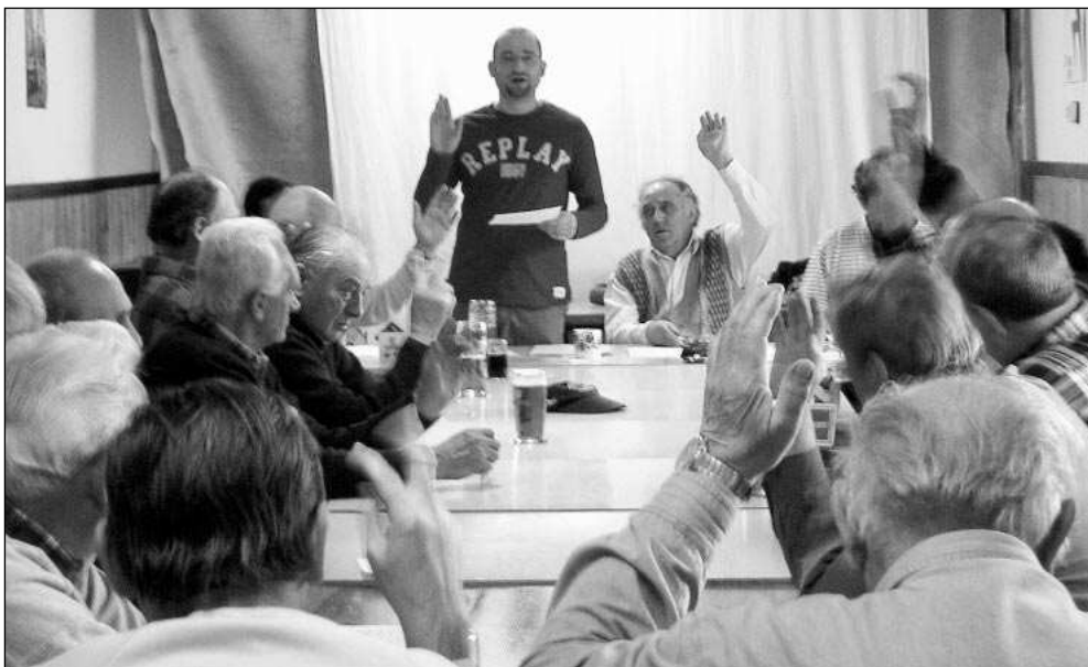
Před samým začátkem jarní sezony se řevničtí házenkáři sešli na výroční valné hromadě.

Soustředění řevnických házenkářů se odbyvalo koncem března v Tanvaldu v Jizerských horách. Pod vedením trenéra Rudolfa Zusky se ho zúčastnilo 14 hráčů A-celku mužů. Jedno auto vyrazilo za lyžováním na Tanvaldském Špičáku už ve středu 23. března ráno, ostatní jeli po práci. Ubytování jsme byli přímo v místní hale, kterou jsme hojně využívali. Tělo zlenivělé zimním spánkem dostávalo zabrat dvakrát denně, vždy 2,5 hodiny dopoledne a stejnou dobu odpoledne. Pro většinu z nás, kteří jsme neměli v zimní pauze balon v ruce a udržovali jsme se alespoň fotbálem v řevnické tělocvičně, to bylo nepříjemné procitnutí. Rozhýbat rozlámaného člověka bylo den ode dne těžší a těžší. Přesto všichni makali naplno celé čtyři dny. Chtěl bych tímto poděkovat Frantovi Zavadilovi a Ctíradu Leinweberovi za
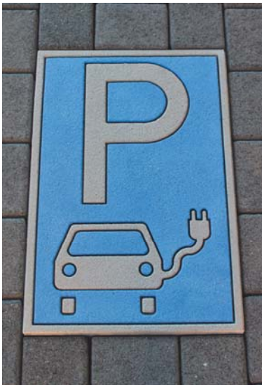
Parkplatz Elektro KfZ 40x60cm
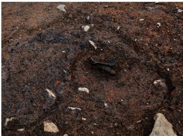
2 SE12上部瓦器羽釜出土状況(南西から)
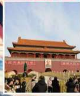
จัตุรัส เทียนอันเหมิน
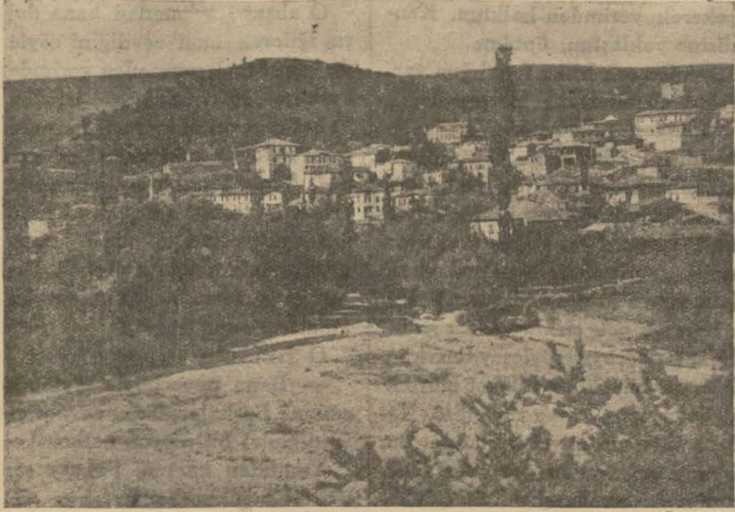
Havzadan bir görünüş

Bu tesisat için 150,000 lira harcanacağı söyleniyor, Havza kaplıcalarına bu yıl rağbet fazladır
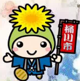
桶川市マスコットキャラクター オケちゃん
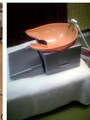
ベッド使用の補助用具は別注
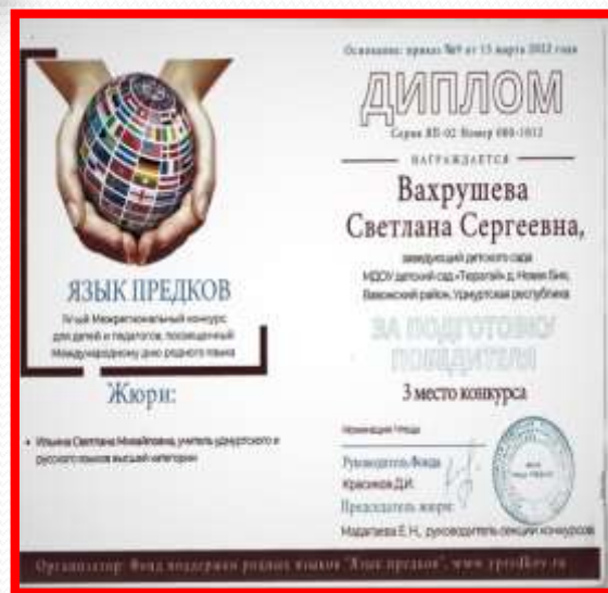
Всероссийский конкурс чтецов «Язык предков» 3 степени
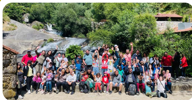
Excursión organizada pola ANPA do CEIP Ortigueira.
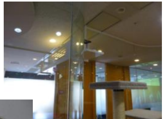
キャットルーム側からみたトンネル（上図）
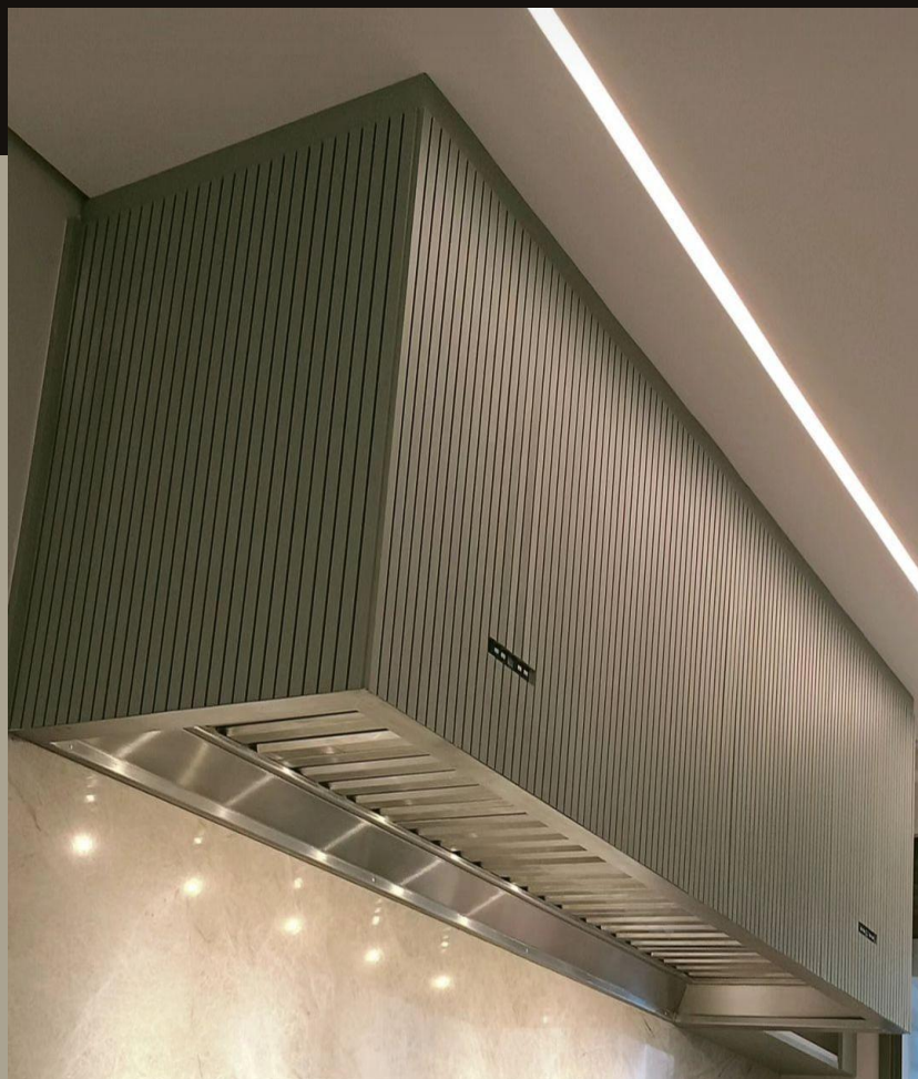
COIFA INOX COM FRISOS

Para informações de preço, instalação e outros modelos de produto, consultar o vendedor.
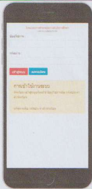
ภาพที่ 1 หน้าหลักโปรแกรมการดำเนินงานผลการสำเร็จการศึกษา

หลักฐาน/ภาพประกอบการนำผลงานวิจัยไปใช้ประโยชน์ (3-5 รูป) หรือหลักฐานในการนำผลงานวิจัยไปใช้ในการอ้างอิง
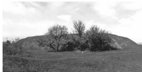
Залишки фортечного бастиону. Фото 2011 р.

На значній території навколо сучасного Дніпропетровська, від гирла Самари до гирла Сури, існували поселення, фортеці та укріплення, що виникли значно раніше, ніж колишній губернський центр Південної України місто Катеринослав: Стара Самарь, Богородицька (Новобогородицька) фортеця, Сергіївська (Новосергіївська) фортеця, Новий Кодак, Усть-Самарський ретраншемент, слобода Половиця тощо. Одним з таких поселень, розташованих неподалік від міста, є селище Старі Кодаки (Кайдаки). Тут у далекому минулому стояла відома колись фортеця, овіяна славою козацьких походів, воєн та повстань. Визначний історик козащини Д. І. Яворницький, оцінюючи її значення, писав:
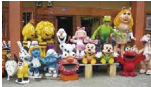
年始に燃やす人形「モニゴテ」(monigote) たち 中には5mを超えるものもあります。

気づけば任期も残り10カ月となりました。悔いの残らないよう最後まで楽しみたいと思います。それでは、また次回。 「Hasta luego! (スペイン語で「またね」の意味)」
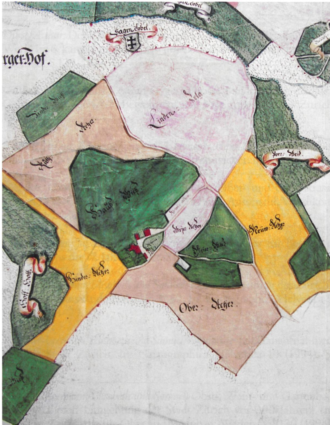
Abb. 5: Zürichberghof, Zehntenplan des Obmannamtes, Ausschnitt: Die drei Zelgen, gelb, braun und hellviolett, die Wiesen dunkelgrün und der Wald nur angedeutet mit braunen Ringlein. Das Lehenshaus, das ursprünglich ein Teil des Klosters St. Martin war, ist heute die «Wirtschaft zum alten Klösterli» hinter dem Zoologischen Garten. Staatsarchiv Zürich, PLAN B 439.
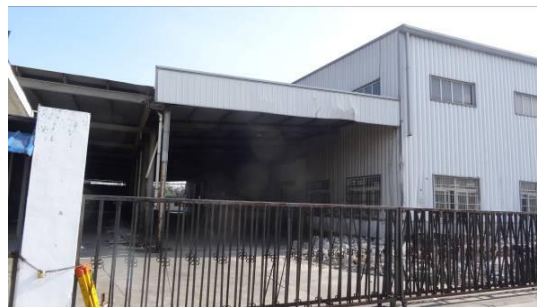
安亭木器厂西立面
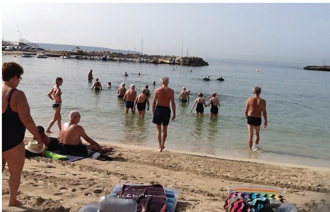
Bading/Trim på Mallorca.
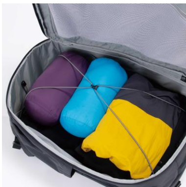
固定バンジーコード
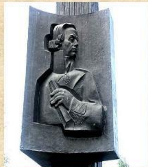
Памятник Ф.Ф.Ушакову открыт 10 августа 2006 года.
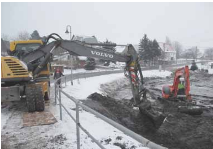
Die Teichentschlammung in Hoyersdorf geht voran.
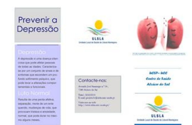
Figura 7 – Prospeto Prevenir a Depressão
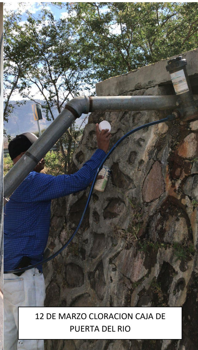
12 DE MARZO CLORACION CAJA DE PUERTA DEL RIO
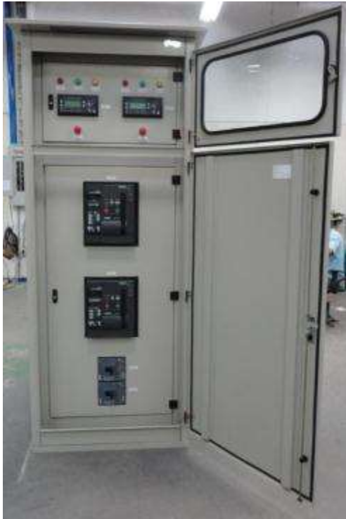
ECOPETROL ORITO PUTUMAYO TABLERO DE SINCRONISMO 600KVA 480 V
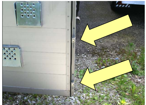
Gegenhalter an beiden Fahrzeugseiten auf Festsitz prüfen
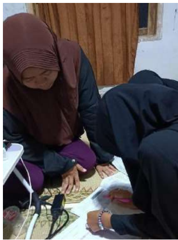
gambar 4 3 Bimbingan Belajar Matematika Dasar
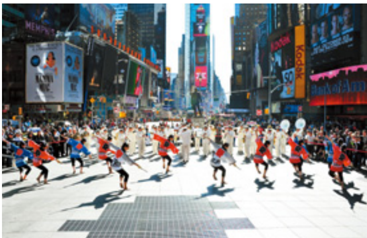
コロムバデーパレード (2010年10月11日 5番街) 1492年、コロンブスの北米大陸到達を記念して毎年行われるパレード (10月第2月 曜日) に警視庁音楽隊が参加。タイムズスクエアでは華麗な舞を披露。
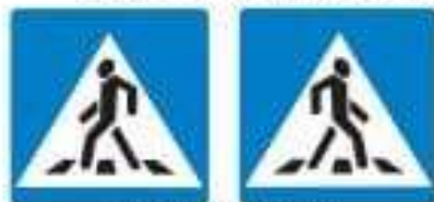
Знаки 5.19.1 и 5.19.2 Пешеходный переход

Если нет подземного или надземного пешеходного перехода, можно перейти по наземному пешеходному переходу
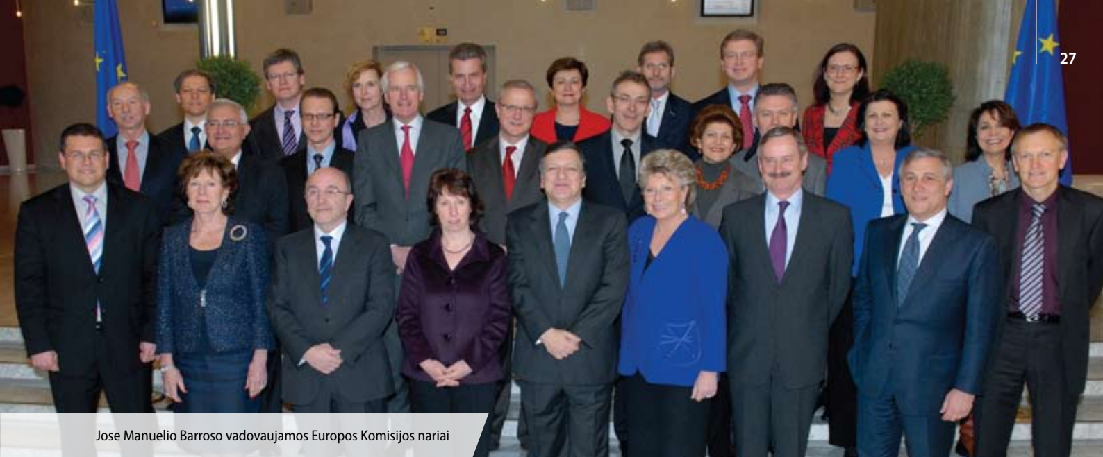
Jose Manuelio Barroso vadovaujamos Europos Komisijos nariai

giai skirta Sąjungos valstybių naudai ar nenaudai. Tai viso labo tėra sprendimų priėmimo sistemos patobulinimas. Bet pati sprendimų priėmimo sistema visai nerodo, kokie sprendimai bus priimami. Tai jau priklauso nuo aplinkybių ir nuo jomis veikiančių politikų. Čia tiktų palyginimas su futbolu. Jeigu ES veiklą laikytume futbolo žaidimu, Lisabonos sutartis būtų žaidėjų susitarimas dėl taisyklių keitimo ir tobulinimo. Bet juk vien susipažinęs su taisyklėmis negali pasakyti, kuri komanda laimės varžybas. Taisyklės galima vertinti tik pagal tai, ar jos yra aiškios ir nedviprasmiškos, o svarbiausia, vienodos visiems dalyviams. Žvelgdamas būtent
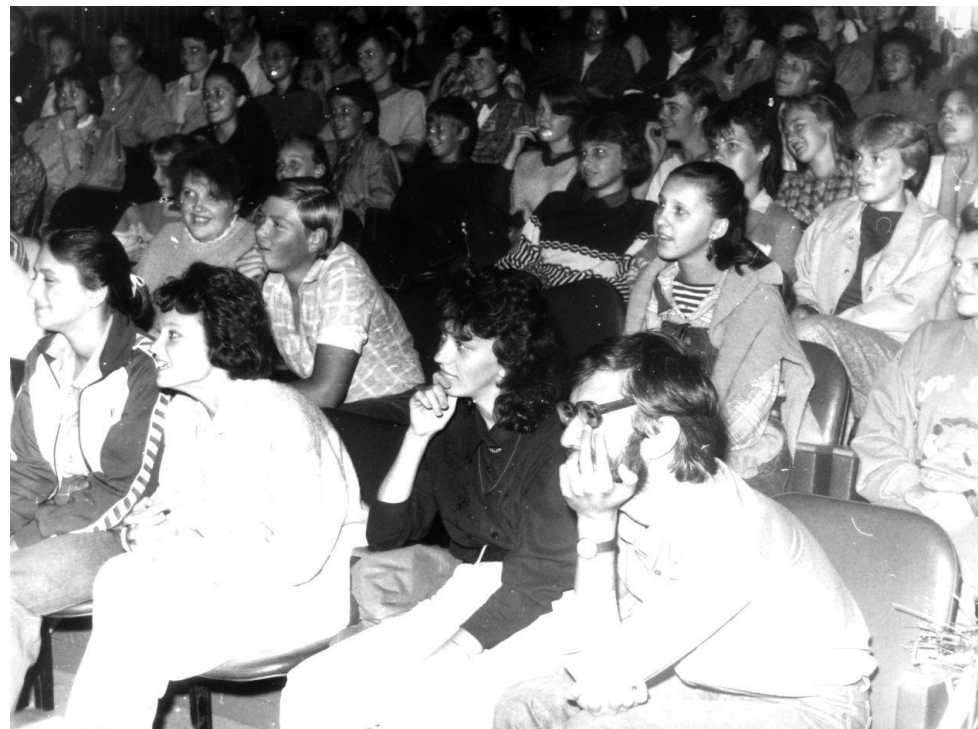
Летний лагерь 1992 г. (база «Приморский хуторок», Рыбинский район)
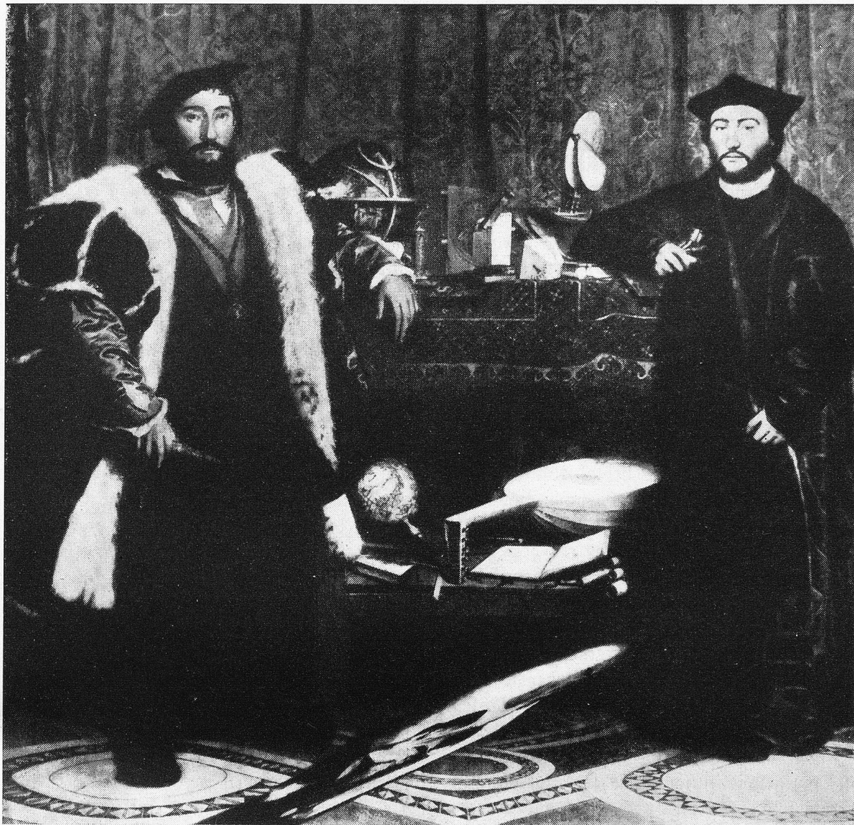
Hans Holbein d. J.: Zwei Botschafter.

**Directions for this task**
When copying the listing, print each line exactly but leave out every picture.

**Exercise answer**
Před samým začátkem jarní sezony se řevničtí házenkáři sešli na výroční valné hromadě.

Soustředění řevnických házenkářů se odbyvalo koncem března v Tanvaldu v Jizerských horách. Pod vedením trenéra Rudolfa Zusky se ho zúčastnilo 14 hráčů A-celku mužů. Jedno auto vyrazilo za lyžováním na Tanvaldském Špičáku už ve středu 23. března ráno, ostatní jeli po práci. Ubytování jsme byli přímo v místní hale, kterou jsme hojně využívali. Tělo zlenivělé zimním spánkem dostávalo zabrat dvakrát denně, vždy 2,5 hodiny dopoledne a stejnou dobu odpoledne. Pro většinu z nás, kteří jsme neměli v zimní pauze balon v ruce a udržovali jsme se alespoň fotbálem v řevnické tělocvičně, to bylo nepříjemné procitnutí. Rozhýbat rozlámaného člověka bylo den ode dne těžší a těžší. Přesto všichni makali naplno celé čtyři dny. Chtěl bych tímto poděkovat Frantovi Zavadilovi a Ctíradu Leinweberovi za
Parkplatz Elektro KfZ 40x60cm
2 SE12上部瓦器羽釜出土状況(南西から)
จัตุรัส เทียนอันเหมิน
Havzadan bir görünüş

Bu tesisat için 150,000 lira harcanacağı söyleniyor, Havza kaplıcalarına bu yıl rağbet fazladır
桶川市マスコットキャラクター オケちゃん
ベッド使用の補助用具は別注
Всероссийский конкурс чтецов «Язык предков» 3 степени
Excursión organizada pola ANPA do CEIP Ortigueira.
キャットルーム側からみたトンネル（上図）
COIFA INOX COM FRISOS

Para informações de preço, instalação e outros modelos de produto, consultar o vendedor.
ภาพที่ 1 หน้าหลักโปรแกรมการดำเนินงานผลการสำเร็จการศึกษา

หลักฐาน/ภาพประกอบการนำผลงานวิจัยไปใช้ประโยชน์ (3-5 รูป) หรือหลักฐานในการนำผลงานวิจัยไปใช้ในการอ้างอิง
Залишки фортечного бастиону. Фото 2011 р.

На значній території навколо сучасного Дніпропетровська, від гирла Самари до гирла Сури, існували поселення, фортеці та укріплення, що виникли значно раніше, ніж колишній губернський центр Південної України місто Катеринослав: Стара Самарь, Богородицька (Новобогородицька) фортеця, Сергіївська (Новосергіївська) фортеця, Новий Кодак, Усть-Самарський ретраншемент, слобода Половиця тощо. Одним з таких поселень, розташованих неподалік від міста, є селище Старі Кодаки (Кайдаки). Тут у далекому минулому стояла відома колись фортеця, овіяна славою козацьких походів, воєн та повстань. Визначний історик козащини Д. І. Яворницький, оцінюючи її значення, писав:
年始に燃やす人形「モニゴテ」(monigote) たち 中には5mを超えるものもあります。

気づけば任期も残り10カ月となりました。悔いの残らないよう最後まで楽しみたいと思います。それでは、また次回。 「Hasta luego! (スペイン語で「またね」の意味)」
Abb. 5: Zürichberghof, Zehntenplan des Obmannamtes, Ausschnitt: Die drei Zelgen, gelb, braun und hellviolett, die Wiesen dunkelgrün und der Wald nur angedeutet mit braunen Ringlein. Das Lehenshaus, das ursprünglich ein Teil des Klosters St. Martin war, ist heute die «Wirtschaft zum alten Klösterli» hinter dem Zoologischen Garten. Staatsarchiv Zürich, PLAN B 439.
安亭木器厂西立面
Bading/Trim på Mallorca.
固定バンジーコード
Памятник Ф.Ф.Ушакову открыт 10 августа 2006 года.
Die Teichentschlammung in Hoyersdorf geht voran.
Figura 7 – Prospeto Prevenir a Depressão
12 DE MARZO CLORACION CAJA DE PUERTA DEL RIO
ECOPETROL ORITO PUTUMAYO TABLERO DE SINCRONISMO 600KVA 480 V
Gegenhalter an beiden Fahrzeugseiten auf Festsitz prüfen
gambar 4 3 Bimbingan Belajar Matematika Dasar
コロムバデーパレード (2010年10月11日 5番街) 1492年、コロンブスの北米大陸到達を記念して毎年行われるパレード (10月第2月 曜日) に警視庁音楽隊が参加。タイムズスクエアでは華麗な舞を披露。
Знаки 5.19.1 и 5.19.2 Пешеходный переход

Если нет подземного или надземного пешеходного перехода, можно перейти по наземному пешеходному переходу
Jose Manuelio Barroso vadovaujamos Europos Komisijos nariai

giai skirta Sąjungos valstybių naudai ar nenaudai. Tai viso labo tėra sprendimų priėmimo sistemos patobulinimas. Bet pati sprendimų priėmimo sistema visai nerodo, kokie sprendimai bus priimami. Tai jau priklauso nuo aplinkybių ir nuo jomis veikiančių politikų. Čia tiktų palyginimas su futbolu. Jeigu ES veiklą laikytume futbolo žaidimu, Lisabonos sutartis būtų žaidėjų susitarimas dėl taisyklių keitimo ir tobulinimo. Bet juk vien susipažinęs su taisyklėmis negali pasakyti, kuri komanda laimės varžybas. Taisyklės galima vertinti tik pagal tai, ar jos yra aiškios ir nedviprasmiškos, o svarbiausia, vienodos visiems dalyviams. Žvelgdamas būtent
Летний лагерь 1992 г. (база «Приморский хуторок», Рыбинский район)
Hans Holbein d. J.: Zwei Botschafter.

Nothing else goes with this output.